Come si chiama il giro finanziario per produrre e incrementare il debito dei paesi poveri?
Come si chiama il traffico sugli aiuti umanitari e la cooperazione per il terzo mondo?
Come si chiama l’utilizzo di risorse e l’impoverimento degli Stati?
Come si chiama la produzione industriale di veleni e virus infestando ambienti e e infettando popolazioni?
Come si chiama lo sfruttamento minorile?
Come si chiama l’aumento dell’indebitamento pubblico e l’incremento di ricchezza di una élite?
Come si chiama la produzione di depressi, alcolizzati, drogati, psicofarmaci dipendenti, serial killer, rapinatori e criminali on the roads? Nascono così o è l’ambiente che li produce?
Come si chiama la speculazione immobiliare sulla prima casa?
Come si chiama la speculazione sulla salute e sulla sanità?
Come si chiama il predominio dei valori economici sulla dignità dell’uomo?
Come si chiama l’emarginazione, la partitocrazia?
Sono forse questi i valori che la cosiddetta società civile voluta e diretta da una oligarchia difende e protegge alimentando il terrore internazionale?

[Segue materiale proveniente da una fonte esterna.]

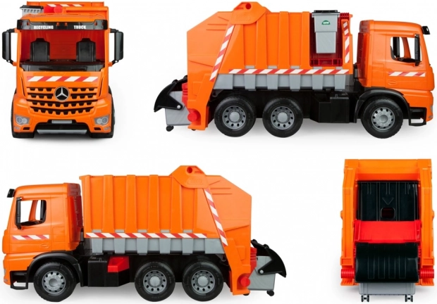 Dieses detailreich gestaltete Müllfahrzeug MERCEDES AROCS fördert die kindliche Fantasie und Rollenspiele. Dank der robusten Ausführung und realistischer Elemente wie dem hinteren Lademechanismus und mobilen Behältern verstehen Kinder spielerisch das Prinzip der Mülltrennung und -abfuhr.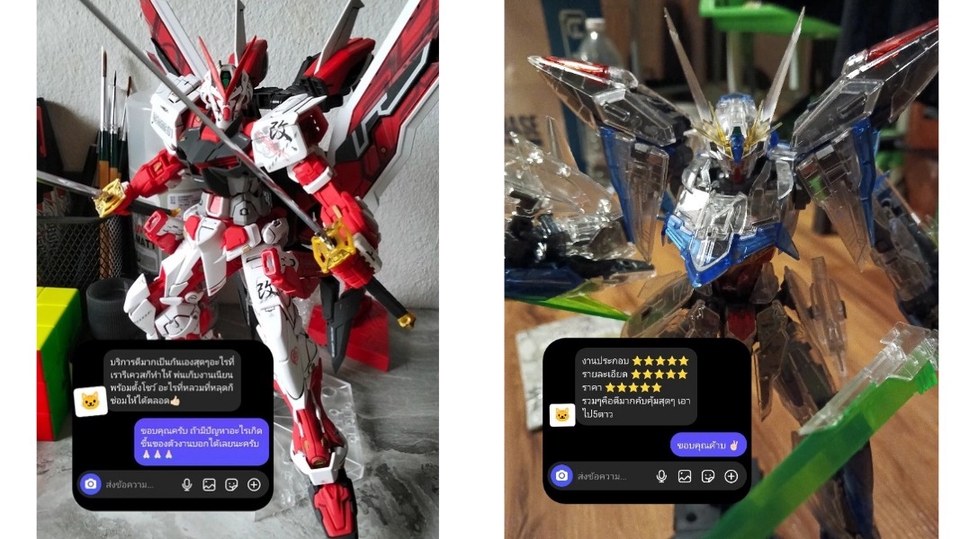 We offer services for Gunpla & model assembly, cleaning, and painting." (เราให้บริการประกอบ ทำความสะอาด และทำสีกันพลาและโมเดลต่างๆ) รับประกอบกันพลาและโมเดลทุกรูปแบบ! เนรมิตชิ้นงานของคุณให้สมบูรณ์แบบด้วยความประณีตและประสบการณ์ ใส่ใจทุกรายละเอียดตั้งแต่การตัดแผงถึงทำสี พร้อมบริการปรับแต่งตามความต้องการ รวมถึงแม้กระทั่งการทำความสะอาดของเล่นของคุณลูกค้า เราพร้อมสร้างสรรค์ผลงานคุณภาพเพื่อคุณ สอบถามเพิ่มเติมได้เลยครับ ขั้นตอนการทำงาน 1. รับทราบบรีฟงานของลูกค้าว่าจะส่งประกอบงานไซส์ไหน ขนาดเท่าไหร่ จัดส่งยังไง 2. ลูกค้าจัดส่งกันพลา,โมลเดลต่างๆมาให้ทางฟรีแลนซ์ (หรือสามารถนัดส่งถึงมือได้ในเขตรถไฟฟ้าสีชมพูและสีเขียว) 3. ฟรีแลนซ์รับงานของลูกค้ามาเริ่มงานประกอบ,ทำความสะอาด 4. ฟรีแลนซ์แจ้งความคืบหน้าตัวงานในระหว่างที่ปฏิบัติงาน 5. หลังจากประกอบเสร็จถ่ายรูปรายละเอียด โดยรวมให้ผู้ว่าจ้างดูและเตรียมแพคส่งปิดงาน 6. แพคงานใส่กล่องพร้อมกันกระแทกโฟม,บับเบิ้ล เตรียมส่ง 7. ส่งงานให้ลูกค้าหรือนัดส่งงานตามที่ลูกค้าสะดวก 8. ลูกค้าตรวจสอบงานและส่งภาพยืนยันว่าได้รับงานประกอบคืนเรียบร้อย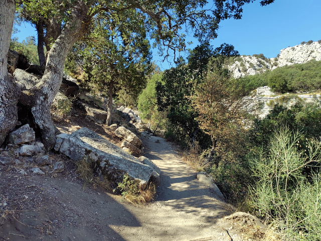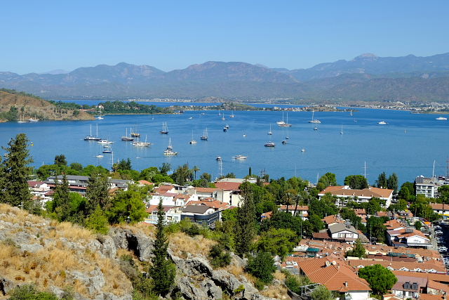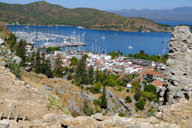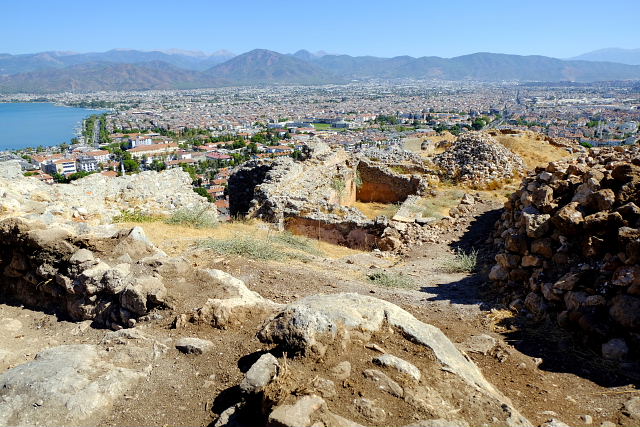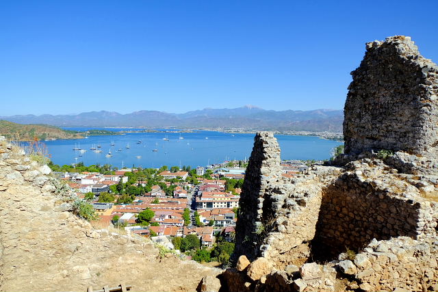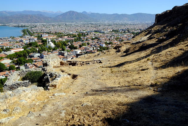 この高さから見下ろすフェティエの景色は見事。道は岩ゴロで危なっかしい。山用の靴じゃないし足腰も弱ってるんでこんなことは避けたかったんだが高い所があると登りたくなる。こんな誰も来ない所で落っこちたら、と思うと足に力が入りすぎる。上は岩を積んだ要塞跡で景色がなかったら殺風景な所だ。真っ青な空と青い地中海、大小のヨットが転々と浮かんでいる。反対側(街側)に道が降りていたのでそっちを辿ってみたが行き止まり。また登ったりしていると汗でベトベトしてきた。ここは乾燥してるからこの程度で済むんだろうけどタイだったら汗ビショになってるだろう。

Vittorio Missori: "Dare morte, del resto, è da sempre il modo per dar vita agli Stati: dichiarare una guerra e vincerla è rimedio infallibile per far rifiorire un governo in crisi. E più la guerra è stata sanguinosa, più è la forza che ne ricava chi l’ha vinta mandando gli altri a morire per lui".
Gli Stati non combattono l’organizzazione malavitosa, la cui attività criminosa è delegata a bande di disperati locali, la sussumono alimentando un rapporto simbiotico. Non è forse oggi il G8 la parodia della cupola legalizzata? Si vorrebbe far credere che in Italia i delitti Dalla Chiesa, Falcone e Borsellino siano avvenuti senza la complicità di persone nei poteri di Stato? Si vorrebbe far credere che il dirigente Cagliari sia morto tenendosi da solo la testa dentro a un sacchetto di plastica stretto al collo? La popolazione manipolata dal flusso mediatico, subisce indifesa e terrorizzata una oppressione di Stato legalizzata dalla finzione democratica. Le regole prodotte, nello sbando etico individuale e collettivo, sono solo strumento di manifestazione del potere sulla società del consumo orientata all’indifferenza o all’ignoranza. Gandhi: "Siate il cambiamento che vorreste vedere nella società". L’ipocrita oligarchia di governo spargere semi nel deserto! Aldo Moro ai suoi "amici" politici: "Nulla si fa per evitare che un uomo, chiunque egli sia,.sia condotto a morte. Nessun responsabile si nasconda dietro l’adempimento di un presunto dovere.Io non desidero intorno a me gli uomini del potere.Il mio sangue ricadrà su di loro". Così pensava lo statista dei suoi "colleghi"!
I luoghi incontaminati sono divenuti i più desiderati! Perché? Nella cosiddetta società civile si riproduce il cancro, l’impestazione necrofila della vita.